What you will do:
If a line in the data has the string "знака", please show it.

━━━ Records for the exercise ━━━

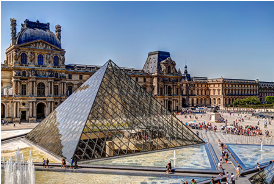
Tárlatvezetés - Louvre 21 €
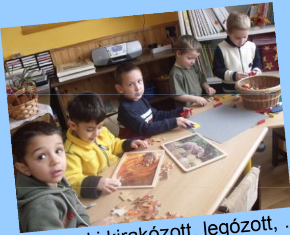
Volt, aki kirakózott, legózott, ...
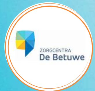
Wendy Lieberwerth & Mieke Koning

In deze praktische sessie krijgen de deelnemers inzicht en praktijkgerichte handvaten om op onbegrepen gedrag te reageren. Daarnaast leer je hoe je cliënten kunt afleiden door het aanbieden van geluksmomenten waardoor de cliënt zichzelf kan zijn en onbegrepen gedrag kan verminderen.
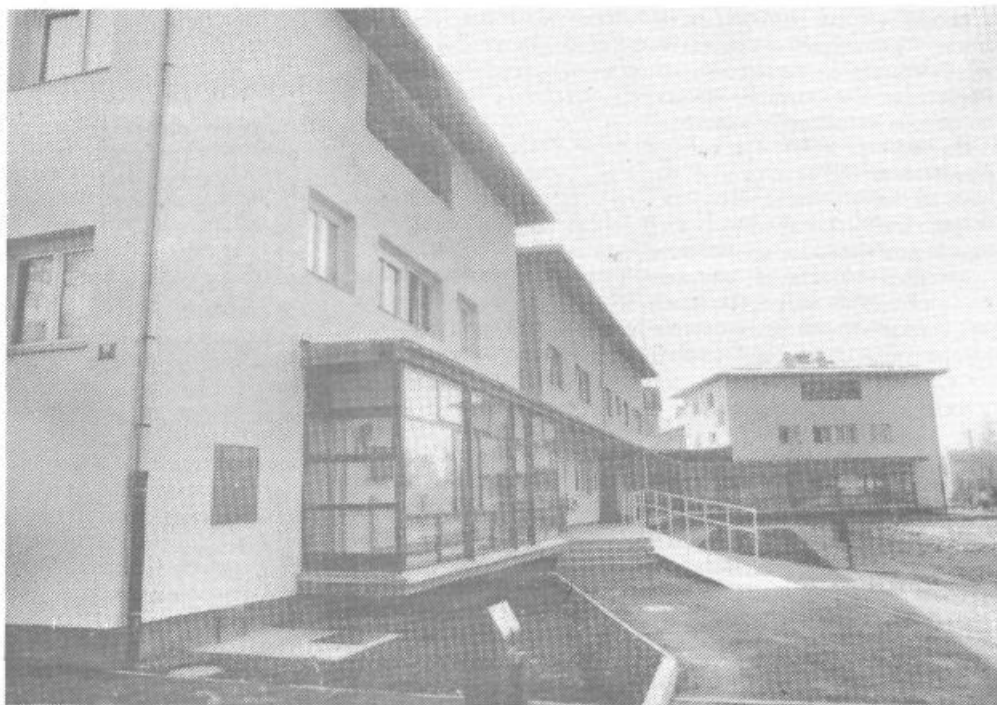
7. Med objekti, ki so bili zgrajeni v okviru programov družbenih dejavnosti, velja izpostaviti nov Dom Malči Belič, zgrajen iz sredstev republiškega programa.

Da bi zadostili povečanim potrebam po osnovnošolskem prostoru smo pripravili projekte za novogradnje podružničnih šol Rob, Turjak, Barje ter naročili dokumentacijo za samostojno šolo v KS Rakova jelša. Za posodobitev in ureditev v skladu s sanitarnimi standardi smo naročili izdelavo projektne dokumentacije za drugo fazo prizidave v OŠ Velike Lašče ter dograditev OŠ Ig. Pripravlja se idejni projekt za povečanje kapacitete OŠ Vrhovci, OŠ Brezovica. Kot nujno investicijo bi morali letos izvesti še dokončanje gradnje v OŠ Velike Lašče (IV. faza s kuhinjo).
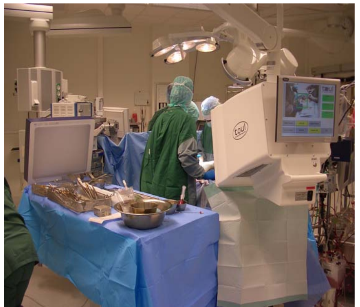
Gli strumenti, il materiale protesico ed i tessuti dei pazienti (ad es. i legamenti) sono protetti dai microrganismi
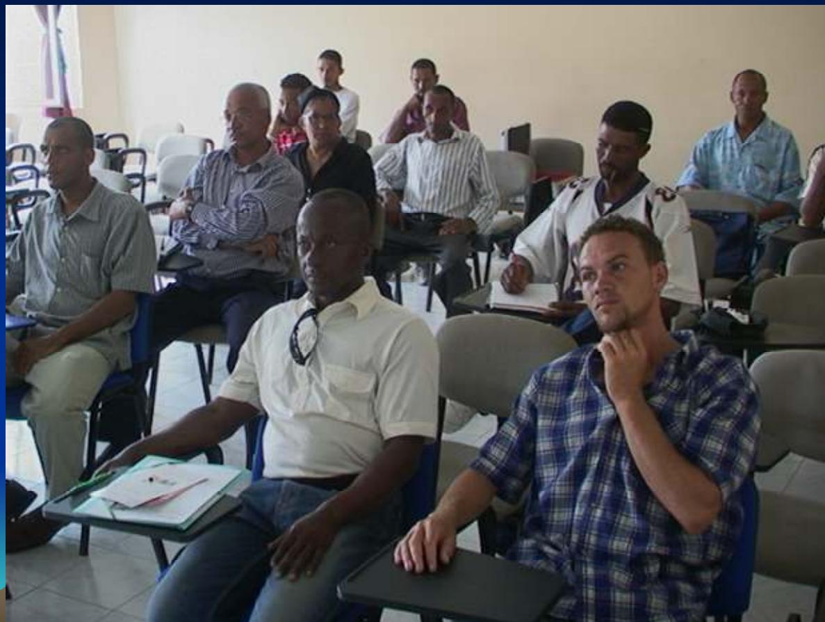
Figura 6: Vila dos Mosteiros, 03/07/2009
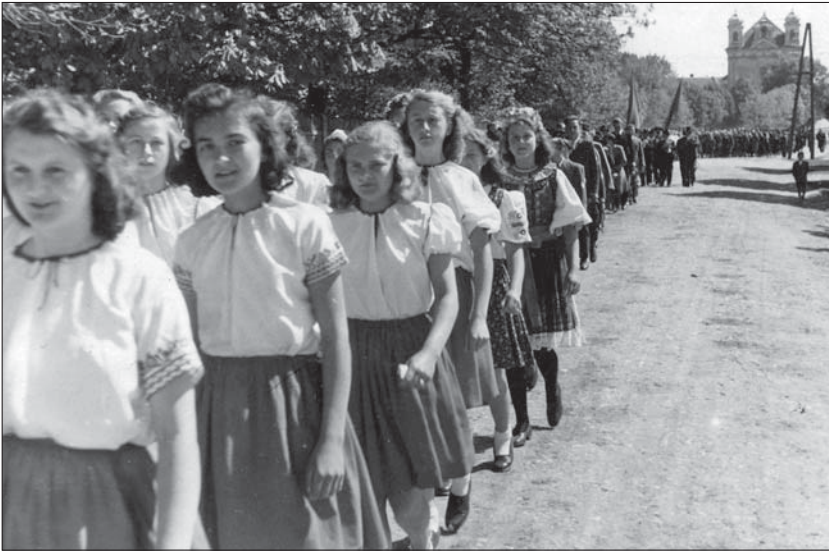
Ženy a dorostenky
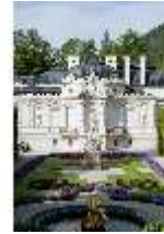
Lin.I, Ostfassade und östliches Parterre, DI005857, BSV
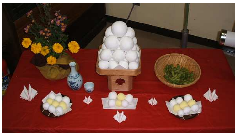
図 4-4 お月見の飾り

お月見の時期は夏の暑さも和らぎ、空気も澄んでいるため、月の観望には最も良い時期とされていました。昔からお月見の夜には祭壇を作り薄（すすき）などを飾って月見団子・里芋・枝豆・栗などを盛り、御酒を供えて月を眺めました。十三夜には旬の大豆や栗などを供えることから、“豆名月”または“栗名月”と呼ばれることもあります。十五夜と十三夜のどちらか片方の月見しかしないのは「片見月」と言って嫌われました。
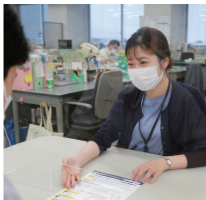
市民に寄り添った対応が求められます

なります。必ず、受験資格や試験内容などの詳細をまとめた試験案内を確認してください。受験申込書や試験案内は、市ホームページからダウンロードできます。郵送請求も可能です。 ◎人事厚生課 (☎0942・30・9056、FAX 0942・30・9706)
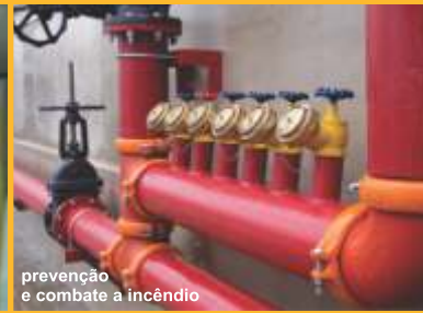
prevenção e combate a incêndio
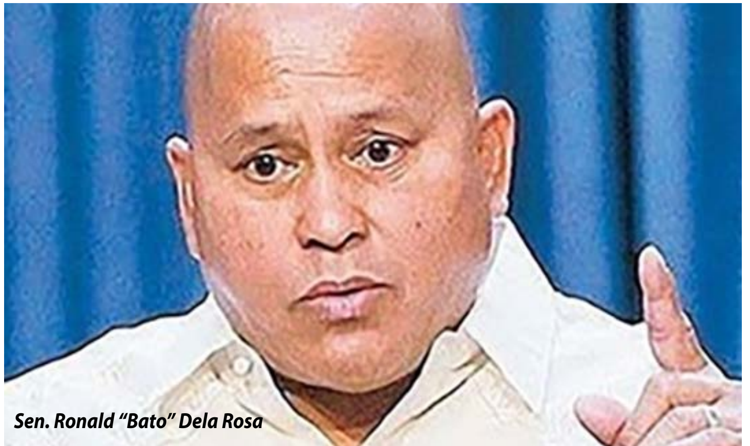
Sen. Ronald "Bato" Dela Rosa

na lamang niyang isusuko ang kanyang sarili.
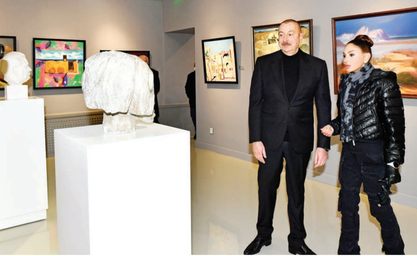
Əvvəli 1-ci sah.

İlham Əliyevin Şəki və Oğuzda açılışlarında və təməlinin qoyulmasında iştirak etdiyi müəssisələr bölgələrdəki yüksəlişin nümunələridir
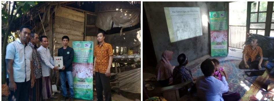
Gambar 6. Penyerahan alat kontrol suhu dan kelembaban otomatis (kiri) dan pelatihan penggunaan alat kontrol (kanan)
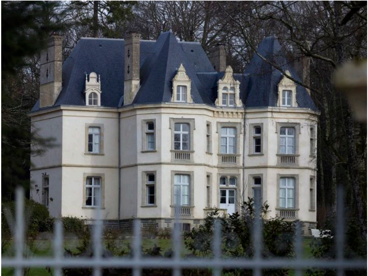
Château : élévation sud-est (état en 2012)
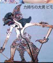
力持ちの大男ビモ
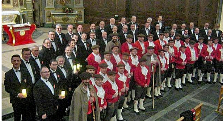
Noël des Orphéons à Plaisance

Concert en l'église samedi 15 décembre à 20 h 30
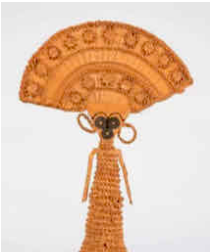
La princesse de Bali. L'un des six objets donnés par Varèse à Jolivet à l'origine de sa Suite pour piano Mana .
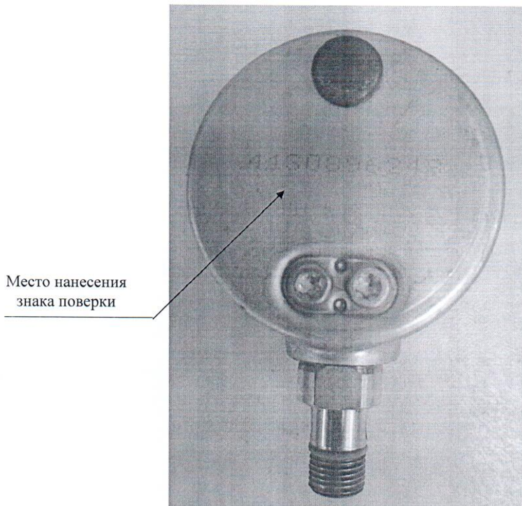
Рисунок 2 – Схема с указанием места нанесения знака поверки

Схема (рисунок) с указанием места нанесения знака поверки средств измерений
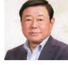
窪田英治 俳句入門・一步二歩 芭蕉を読む他
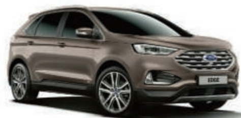
Gris Stone Metalizado*
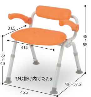
⑭ ミドルSP腰当付おりたたみN
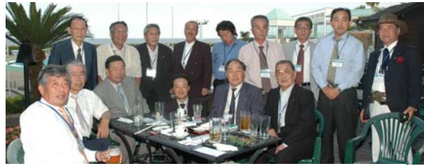
彦根シャトークラブ、下田クラブの兄弟
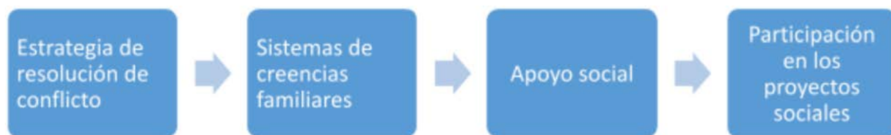
Gráfico 1 Ruta resiliente.

Al mismo tiempo, el diseño de investigación empleado fue el estudio de caso, el cual permitió estudiar a las familias participantes desde las características comunes como lo es ser beneficiarias de los proyectos sociales de la Arquidiócesis de Tunja (Boyacá) y compartir experiencias similares, estas experiencias fueron relatadas por las voces vivas de cada familia, el muestreo utilizado fue casos tipo Según (Sampieri, Fernandez & Baptista, 2014, p.397) “el objetivo de este muestreo es la riqueza, profundidad y calidad de la información, no la cantidad ni la estandarización”, este comprende el abordaje de 5 familias que dieron a conocer cuáles fueron los factores protectores que utilizaron como

━━━

Written solution:
Рисунок 2 – Схема с указанием места нанесения знака поверки
Схема (рисунок) с указанием места нанесения знака поверки средств измерений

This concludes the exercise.